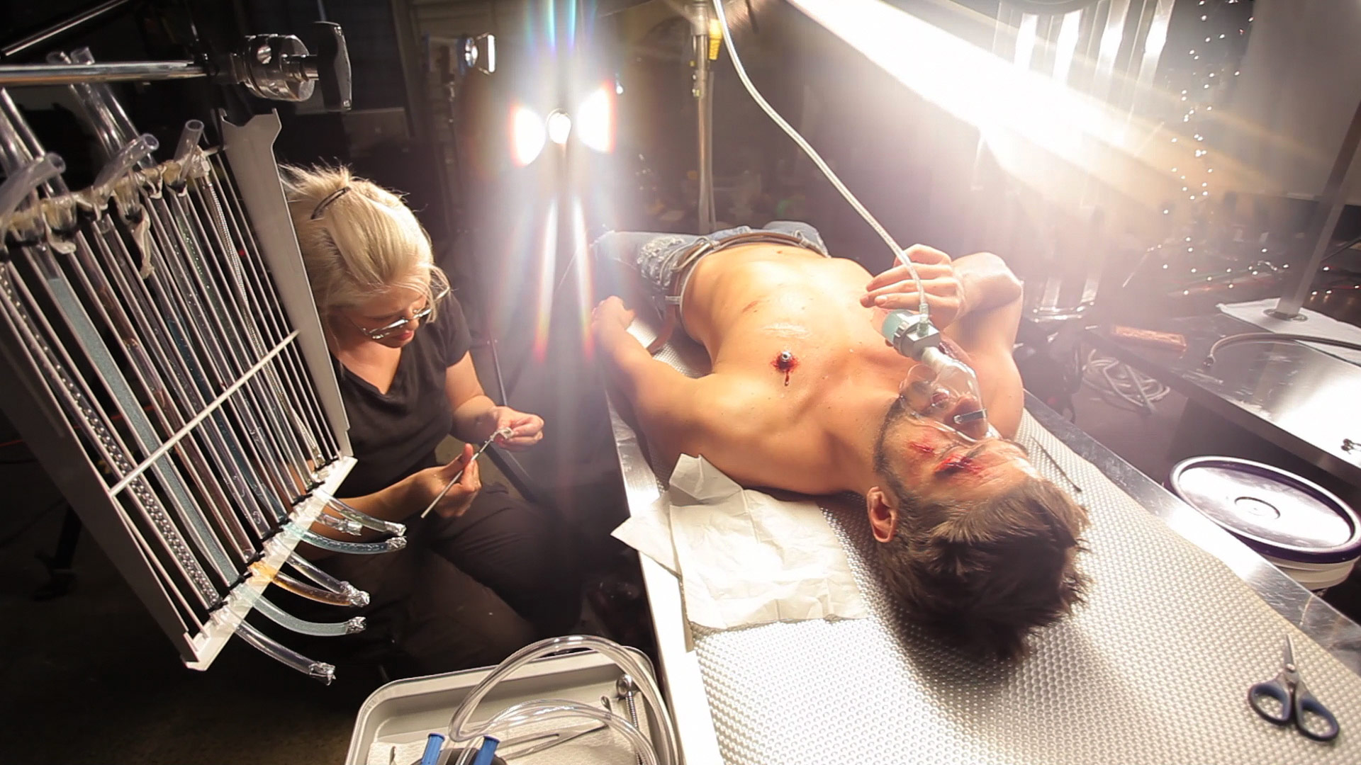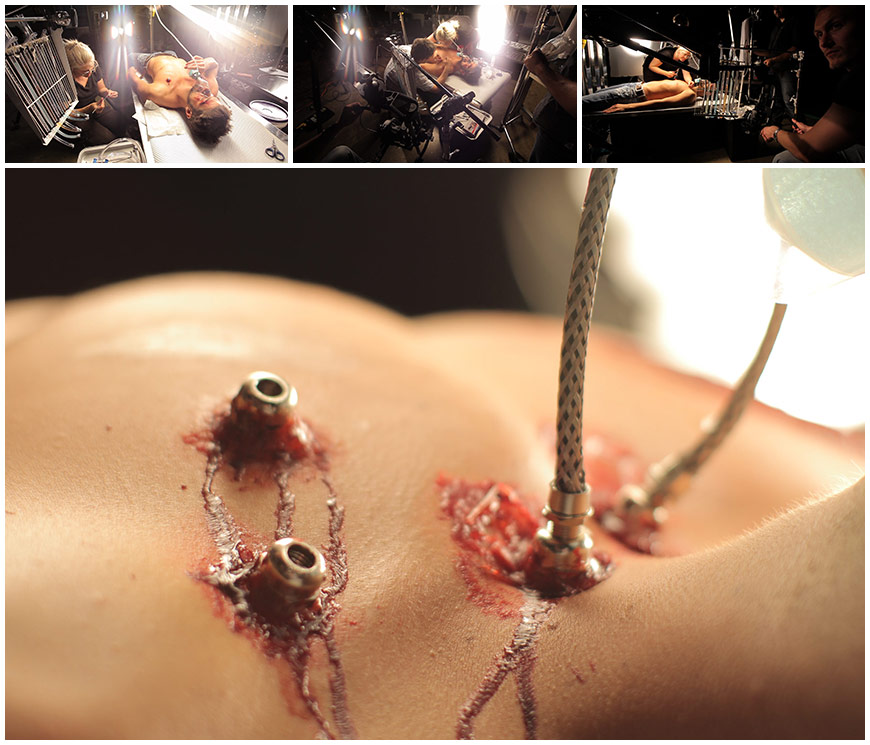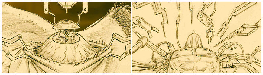 PF: Once we decided to take the mixed media approach for the opening credits, I went through the animatic and clearly defined the shots that would need live-action elements. The entire shoot was done over two easy days, each around eight hours, which is very relaxed for a live-action shoot. On the first morning, we shot all the love scenes with our Megan and Adam lookalikes. In the afternoon, we put Adam on our futuristic operating table and got all of the surgery shots. On the second day, we shot all of the still elements, the pyro/effects plates, and we did the more serious operation shots – for example, we shot the circular saw cutting into the fake human body on the second day.
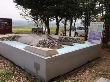 ツアー・バスがトイレ休憩に立ち寄った原の辻ガイダンスの前庭に船着き場跡模型が置かれていました。
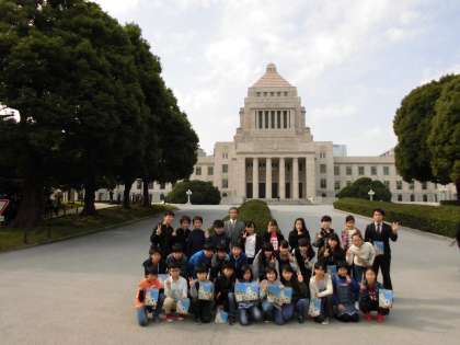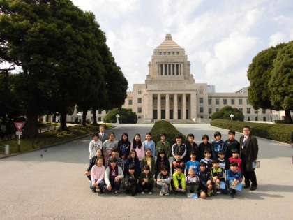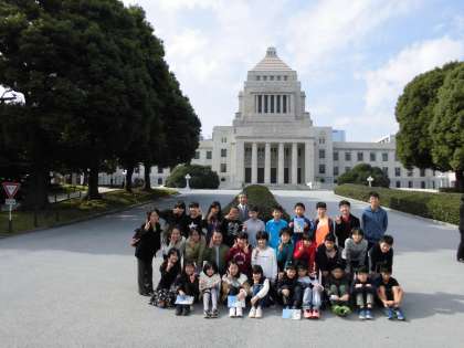 帰り際に、議事堂をバックに、クラス写真を撮りました。

* What to work on
All that is needed is the data above, repeated exactly, without the pictures.

* Exercise answer
 PF: Once we decided to take the mixed media approach for the opening credits, I went through the animatic and clearly defined the shots that would need live-action elements. The entire shoot was done over two easy days, each around eight hours, which is very relaxed for a live-action shoot. On the first morning, we shot all the love scenes with our Megan and Adam lookalikes. In the afternoon, we put Adam on our futuristic operating table and got all of the surgery shots. On the second day, we shot all of the still elements, the pyro/effects plates, and we did the more serious operation shots – for example, we shot the circular saw cutting into the fake human body on the second day.
 ツアー・バスがトイレ休憩に立ち寄った原の辻ガイダンスの前庭に船着き場跡模型が置かれていました。
 帰り際に、議事堂をバックに、クラス写真を撮りました。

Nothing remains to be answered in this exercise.